The public’s collective right to preserve the people’s house is protected in two ways. The first is that, before Trump, presidents instinctively respected it and made only minor alterations or, if they made large changes, these were almost entirely invisible to the public. A good example of the latter is President Harry Truman gutting the interior because the floors were rotting. And as my colleague Matt Ford pointed out, Truman commissioned an extensive study of the mansion’s needs before anyone swung a sledgehammer, and throughout the renovation process he went out of his way “to avoid unflattering views.”
The second protection is a pair of executive orders and a statute. The executive orders, one by President William Howard Taft and one by President Woodrow Wilson, require that the federal government solicit “comment and advice” from the Washington, D.C., Commission on Fine Arts before it builds anything inside the District of Columbia. The statute is a 1924 law creating the National Capital Park Commission, later renamed the National Capital Planning Commission, which reviews all federal building plans inside Greater Washington, D.C., excepting the Capitol, which has its own architect.

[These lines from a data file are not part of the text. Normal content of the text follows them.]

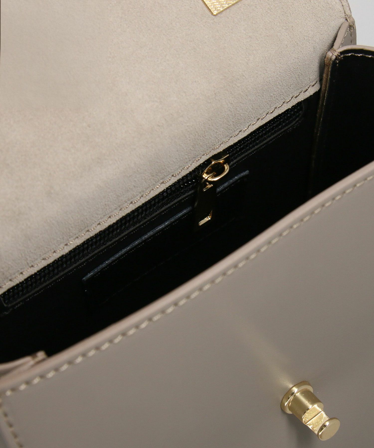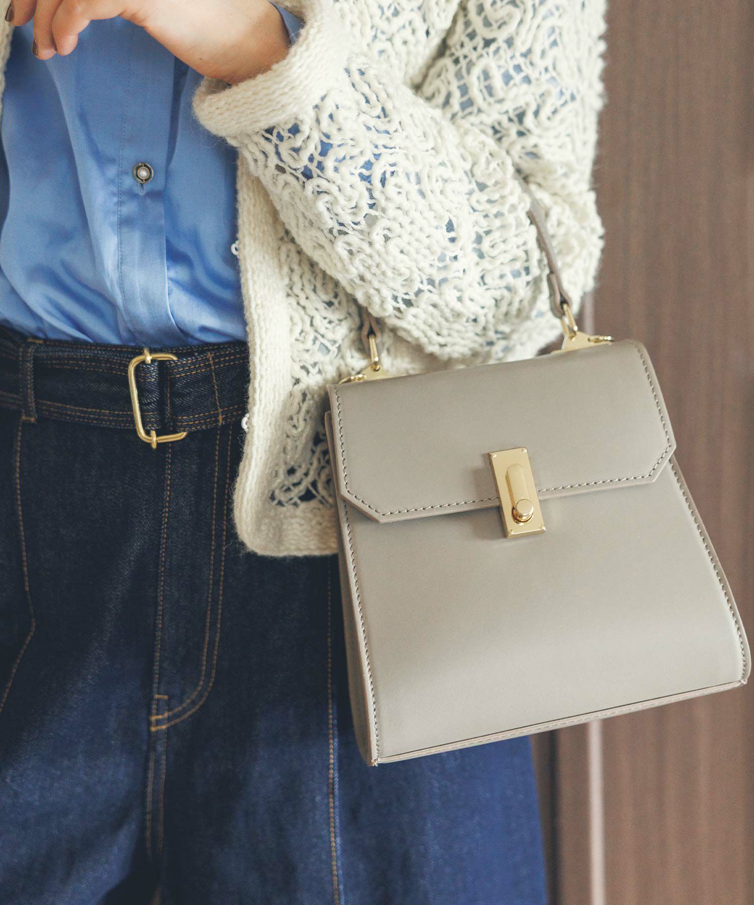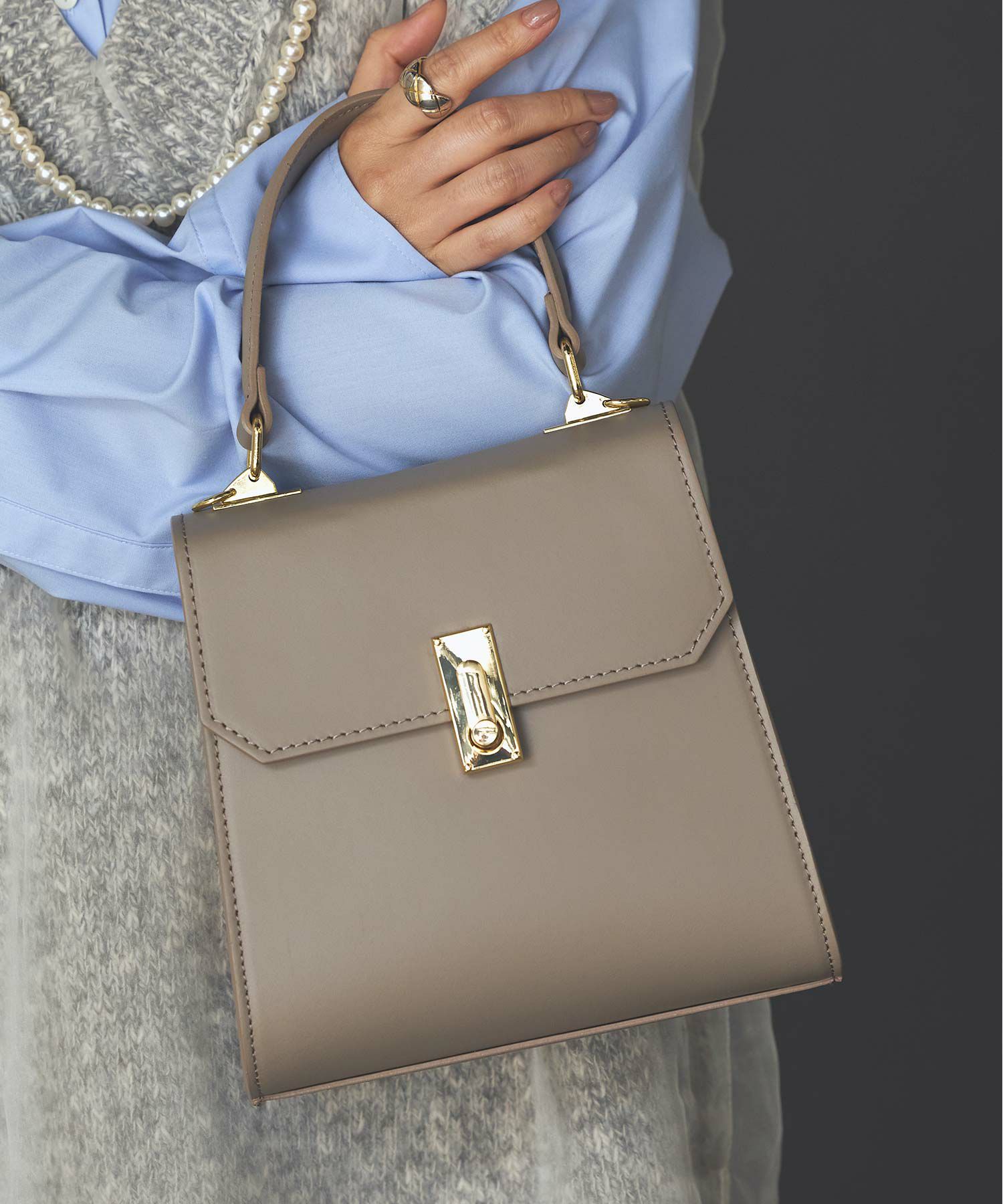 ゴールドの金具がリッチ感のあるレザーバッグ。
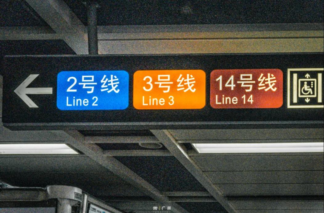 2号线,跨越白云、越秀、海珠、番禺四区,途径广州南站和广州火车站;
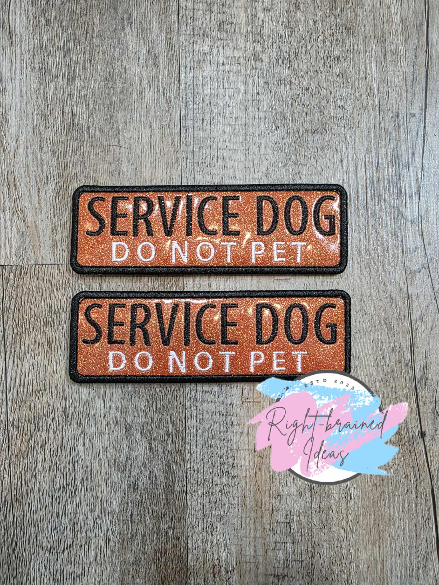(2) 6in × 2in sparkle burnt orange vinyl rectangular patches: "Service Dog" in black thread and "Do Not Pet" in white thread.

Trump didn’t consult with either of these bodies before he tore down the East Wing. It isn’t clear that demolition legally requires it (the National Capital Planning Commission’s former general counsel ruled in 2022 and 2023 that it did not) but past precedent strongly recommends it. Trump’s failure to do so violated an expectation, if not a law. This is not a trivial offense. The public, as the owner of the property, ought to have been consulted through its representatives on these two commissions. That they were not can be added to the long list of Trump’s offenses to democratic governance.
Then there’s the ballroom itself. Douthat accepts that “the presidency has needed one for a long time, and it’s absurd that the leader of a superpower has to host state dinners inside temporary tents.” The Post editorial voices the same complaint in near-identical terms: “It is absurd that tents need to be erected on the South Lawn for state dinners, and VIPs are forced to use porta-potties.” The Wall Street Journal editorial says “There really is a case for a larger hall at the White House for holding big state dinners and other events, without having to pitch enormous tents on the South Lawn.”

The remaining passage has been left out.